In the first and second embodiments, the flat membrane is used. However, a hollow fiber membrane coated with metal may be used.

[0038]

As described above, according to the present invention, it is possible to provide a system capable of removing the adverse effects of various pathogenic microorganisms by a simple operation. That is, the present invention provides an effective disinfection system for microorganisms contaminating living water without using a chemical.
In addition, there is provided a system for killing Pseudomonas aeruginosa and Legionella bacteria without using a drug. Still another object of the present invention is to provide a nucleic acid detection system for a rapid and highly accurate gene analysis method for the causative bacteria of food poisoning.

[Brief description of the drawings]

FIG. 1 is a manufacturing process diagram of a metal-coated flat membrane used in the present invention.

FIG. 2 is a characteristic diagram showing the results of sterilization of Pseudomonas aeruginosa.

FIG. 3 is a process chart of Example 1.

FIG. 4 is a characteristic diagram showing test results of Legionella bacteria.

FIG. 5 is a characteristic diagram of an electrophoresis pattern based on the results of a gene recovery test from pathogenic Escherichia coli.

FIG. 6 is a process chart for comparing required times required for the chemical extraction method of the gene and the extraction method by the system of the present invention.

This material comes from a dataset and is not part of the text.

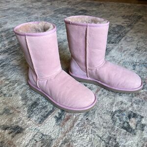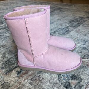 These women's take your breath away, baby or soft muted Pink Classic Short UGG boots 5825 W/ MAU pink come in a size 7. They are in excellent, like new condition! The round toe and mid-calf shaft style provide a classic look, while the soft pink color creates a feminine, casual luxury look. The boots feature lambskin or sheepskin suede outer and sheepskin shearling wool lining the inside with a wool insert, providing comfort, cushioning, and amazing warmth for your feet, while you look incredible simultaneously!
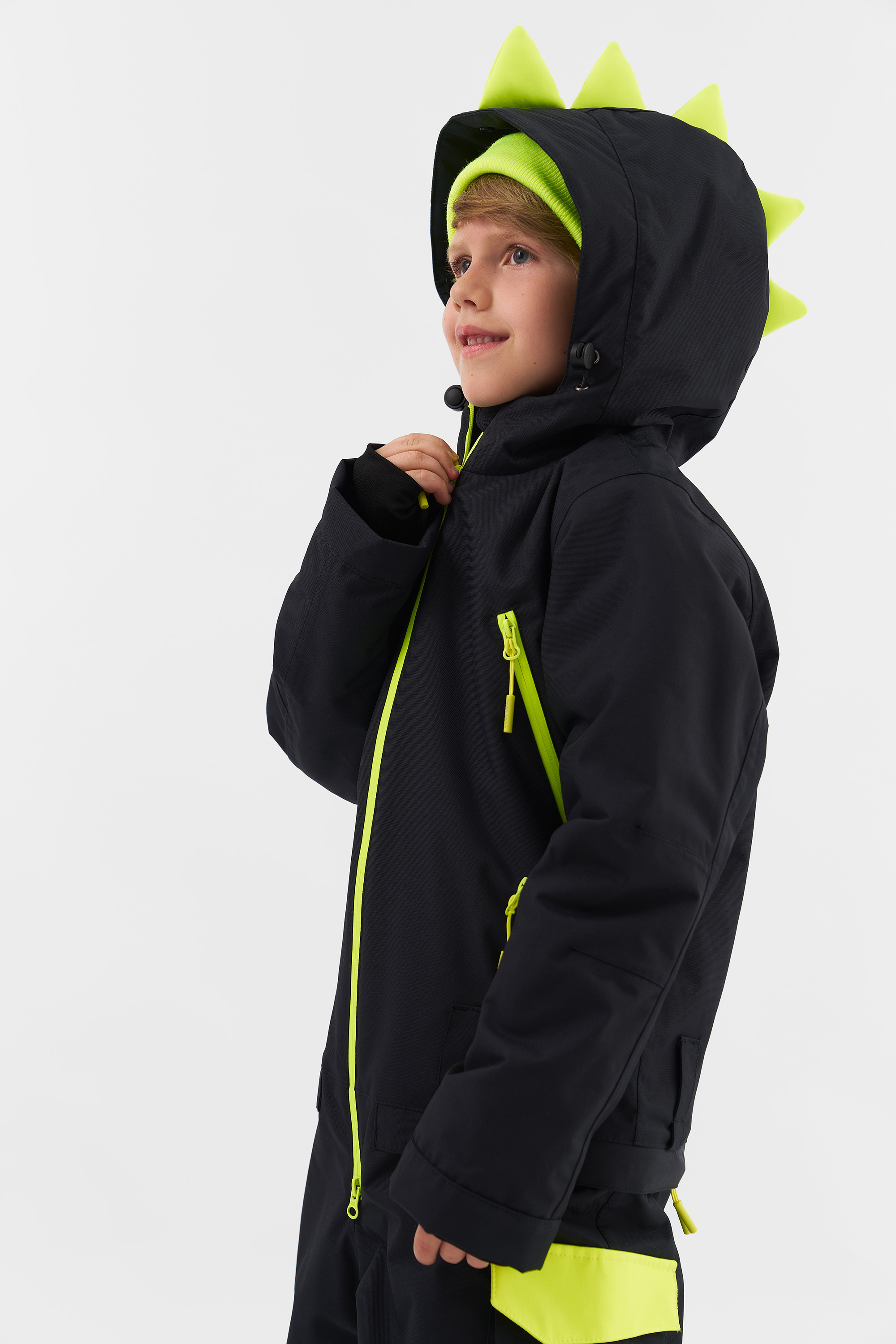 Комбинезон Dino – это настоящий хит для маленьких любителей приключений! С яркими шипами на капюшоне, как у настоящих динозавров, этот комбинезон добавит игривости в зимние прогулки и точно не оставит незамеченным вашего юного райдера. Благодаря системе "Я расту", длина рукавов и штанин может увеличиваться с ростом ребенка.

 ──────────────────────────────────────────────────続 き Continued on the front page (72) Inventor Nobuo Katsuura 2-323 Nishihashimoto, Sagamihara City, Kanagawa Prefecture Inside the R & D Center (Nikko Industries Co., Ltd.) (72) Osamu Igarashi 2-23, Nishihashimoto, Sagamihara City, Kanagawa Prefecture No. 3 in the R & D center of Nippon Kogyo Co., Ltd. (72) Inventor Atsushi Nakayama 2-3-3 Nishihashimoto, Sagamihara-shi, Kanagawa Pref.

Claims (11)

[Claims] 1. An electric power supply having a metal film coated on a porous film, a power supply for the electric power supply, and a supply means for supplying microorganisms to the electric power supply. A system for disinfecting microorganisms by supplying electricity to the microorganisms from the power supply using the current supply means as an electrode. 2. The method according to claim 1, wherein the microorganism is Cryptosporidium,
The system according to claim 1, wherein the system is at least one of Pseudomonas aeruginosa, Legionella, and pathogenic Escherichia coli. 3. An electricity supply means having a metal film coated on a porous film, a power supply for the electricity supply means, and a supply means for supplying microorganisms to the electricity supply means, wherein the microorganisms are Pseudomonas aeruginosa, Legionella A system for sterilizing microorganisms by supplying electricity to the microorganisms from the power source using the current supply means as an electrode, wherein the microorganisms are at least one kind of bacteria or pathogenic Escherichia coli. 4. The system according to claim 1, wherein said energizing means applies a direct current to said microorganism. 5. The system according to claim 1, wherein the energizing means is means for capturing the microorganism on a porous membrane and energizing the porous membrane. 6. The system according to claim 1, wherein the metal is chemically bonded to a porous resin forming the porous membrane. 7. An electricity supply means having a metal film coated on a porous film, a power supply for the electricity supply means, and a supply means for supplying pathogenic Escherichia coli to the electricity supply means, wherein the electricity supply means is used as an electrode. A gene recovery system, wherein a gene is selectively extracted from microbial contents caused by the destruction of the E. coli cells by energizing the microorganism from a power supply. 8. A porous membrane coated with a metal,
Apply microorganisms that are a source of pollution to domestic water,
A method for disinfecting the microorganisms by energizing the metal film from a power supply. 9. The method according to claim 8, wherein the microorganism is Cryptosporidium,
The method according to claim 8, which is at least one of Pseudomonas aeruginosa, Legionella, and pathogenic Escherichia coli. 10. The system according to claim 7, wherein said porous film is a porous resin film. 11. The method according to claim 8, wherein said porous film is a porous resin film.